Bacterial enzyme linked to heart complications in pneumonia

Pneumonia is a disease that burdens the healthcare system with more that 1.2 million emergency room visits each year and more than 41,000 adult deaths in the United States. Worldwide, more than one million children under the age of five die of the disease annually. But while past research has focused on the lungs, it can trigger heart complications-such as heart failure, arrhythmias, or heart attacks-that cause death.

Now, researchers from the University of Maryland School of Medicine (UMSOM) and the University of Alabama at Birmingham's Heersink School of Medicine have identified a bacterial enzyme that may be the reason some people get heart complications with pneumonia, while others do not. Since enzymes create chemical reactions to help bacteria survive, grow, and sometimes attack tissues, the researchers understood this particular enzyme, named zmpB, could become a target for future vaccines or drug therapies. They published their findings in Cell Reports on Dec. 4.

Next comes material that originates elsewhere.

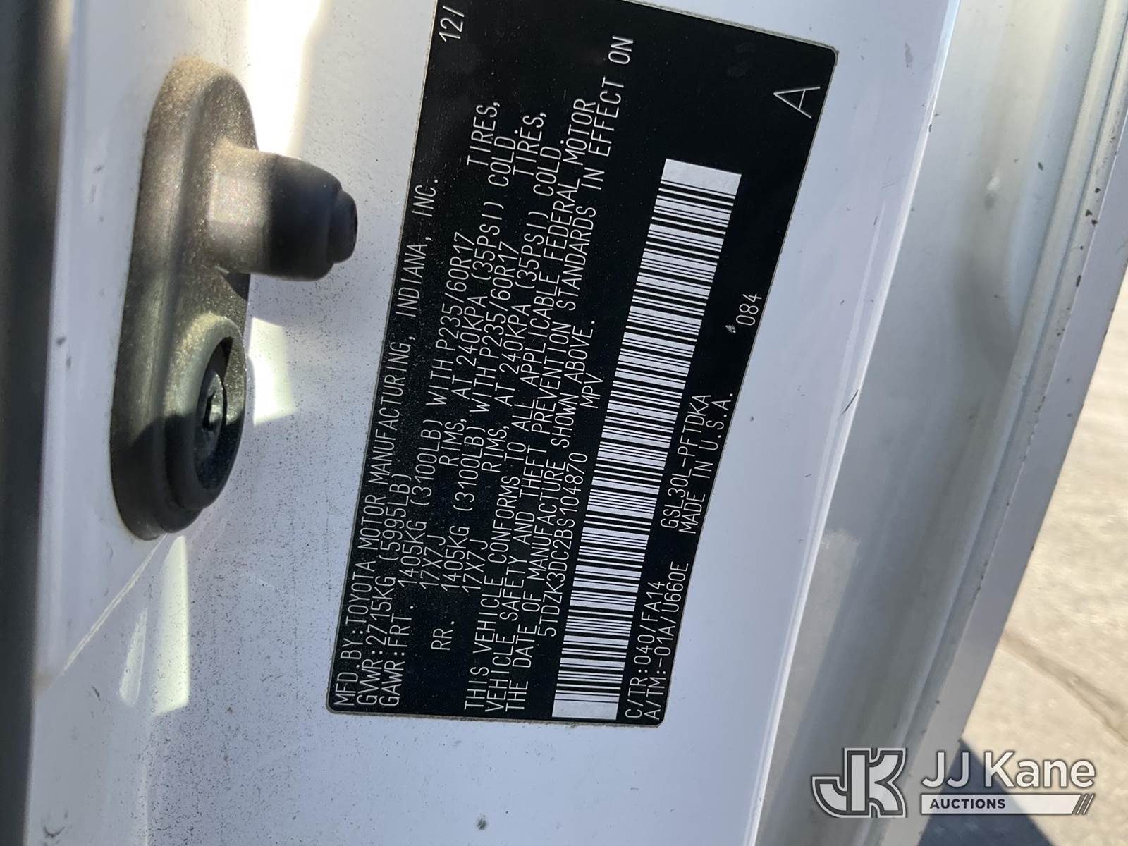 2011 Toyota Sienna Mini Passenger Van, 6-cyl gas, Auto, A/C, (119,757 miles) (Runs & Moves) (Interior Damage, Driver Side Mirror Damaged) This is a Titled Item NOTE: This unit is being sold AS IS/WHERE IS via Timed Auction and is located in Salt Lake City, UT. Titles executed exactly as bidder registered. Ensure your name and/or business name and address in JJ Kane and/or ProxiBid is correct before bidding. For more information or removal arrangements please call 801-519-0123 and provide sale date and lot number. (Buyer is responsible for removal. Assistance by consignor or JJ Kane Auctioneers is not assured.)

About one in five people hospitalized with pneumonia will suffer a life-threatening adverse cardiac event and, even in the years following, are at least twice as likely to experience some form of heart failure."

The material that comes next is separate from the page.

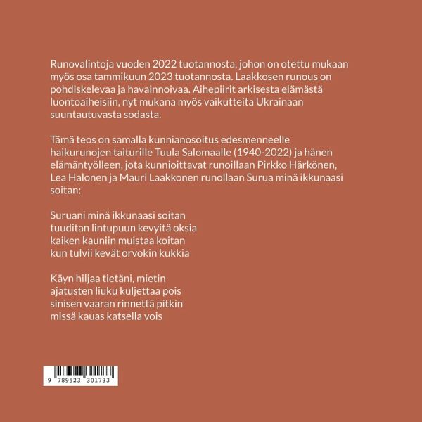 Runovalintoja vuoden 2022 tuotannosta, johon on otettu mukaan myös osa tammikuun 2023 tuotannosta. Laakkosen runous on pohdiskelevaa ja havainnoivaa. Aihepiirit arkisesta elämästä luontoaiheisiin, nyt mukana myös vaikutteita Ukrainan suuntautuvasta sodasta. Tämä teos on samalla kunnianosoitus edesmenneelle haikurunojen taiturille Tuula Salomaalle (1940-2022) ja hänen elämäntyölleen, jota kunnioittavat runoillaan Pirkko Härkönen, Lea Halonen ja Mauri Laakkonen runollaan Surua minä ikkunaasi soitan: Suruani minä ikkunaasi soitan tuuditan lintupuun kevyitä oksia kaiken kauniin muistaa koitan kun tulvii kevät orvokin kukkia Käyn hiljaa tietäni, mietin ajatusten liuku kuljettaa pois sinisen vaaran rinnettä pitkin missä kauas katsella vois

Carlos J. Orihuela, PhD, study's lead author, Professor of Microbiology, University of Alabama at Birmingham

While there are several bacteria and viruses causing pneumonia, the team looked specifically at Streptococcus pneumoniae, the leading cause of community-acquired pneumonia. They used bacterial genome-wide association studies (bGWAS), mouse models, and cardiac organoids to confirm and make the discovery that S. pneumoniae can directly damage the heart and that zmpB potentiates the invasion of S. pneumoniae into the heart, respectively.

"This role for zmpB is totally new and this information now makes it a potential treatment target" said Orihuela.

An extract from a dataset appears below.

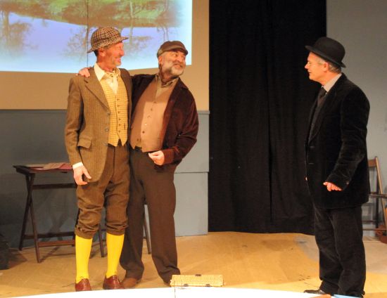 Michael Thorne, in tweed plus-fours, played the friendly Water Rat (actually a Water Vole, as he explained to us) who introduced Mole to the river and its delights. We saw his delightful smile and heard his poetry, then felt for him when his trust in everyone inevitably led him into trouble. Michael convincingly portrayed an outgoing, trusting and generous animal.

"When we examined hundreds of strains isolated from patients who developed heart complications and compared those with bacteria from patients who only experienced pneumonia, a pattern immediately jumped out at us. Patients with heart failure were more frequently infected with a version of S. pneumoniae that carried the gene zmpB with a distinctive genetic trait, FIVAR domains, which are special segments that help the bacteria invade and survive within heart cells and cause pockets of infection," said Adonis D'Mello, PhD, Bioinformatics Analyst in the group of Hervé Tettelin, PhD, Professor of Microbiology and Immunology at UMSOM and the Institute for Genome Sciences, both authors on the study. "In fact, it turns out that we found the more FIVAR domains this gene has, which so far had no characterized function, the more damage to the heart it causes."

The researchers infected mice with either a regular pneumonia strain or with a genetically modified strain where they knocked out the zmpB gene and monitored disease progression. They found that mice infected with the normal strain developed numerous cardiac microlesions and cell death that damaged the heart, but those who had the knocked-out strain had few or no microlesions or cell death around their hearts.

Next, they exposed heart organoids-beating cardiac cells grown from human stem cells in a petri dish-to one of three tests: infecting them with pneumococcal strains with and without the zmpB gene as well as different versions of zmpB. Those with zmpB with FIVAR domains attached and invaded heart cells, whereas those that lacked the FIVAR domains had reduced heart tissue cell death and bacterial entry.

"With the mouse models, we learned that injury to the heart depended on the zmpB expressed by the strain, and with the organoids, we learned that it happens because the proteins equipped with FIVAR domains help bacteria invade heart cells and damage them," Dr. Tettelin said.

"Our hope is that by understanding these molecular fingerprints we can better protect patients against the risk of heart damage during an illness with pneumonia or at least minimize the severity," Dr. Orihuela said. "Although more work needs to be done before it's ready for the clinic, it may be possible that with a simple genetic test, doctors could identify high-risk strains of the bacteria early in an infection for closer cardiac monitoring or a targeted treatment to prevent heart damage."

"These are extremely important findings," said Mogens Kilian DMD, DSc, Dr. hc, FKC, R1, Professor Emeritus of Medical Microbiology at Aarhus University in Denmark, who is an expert in the field but did not participate in this research. "Not only does the study identify a function of an enigmatic enzyme in Streptococcus pneumoniae, it also explains the pathogenesis of serious complications associated with infections caused by some strains of this pathogen, and thereby, opens a potential route to prevention."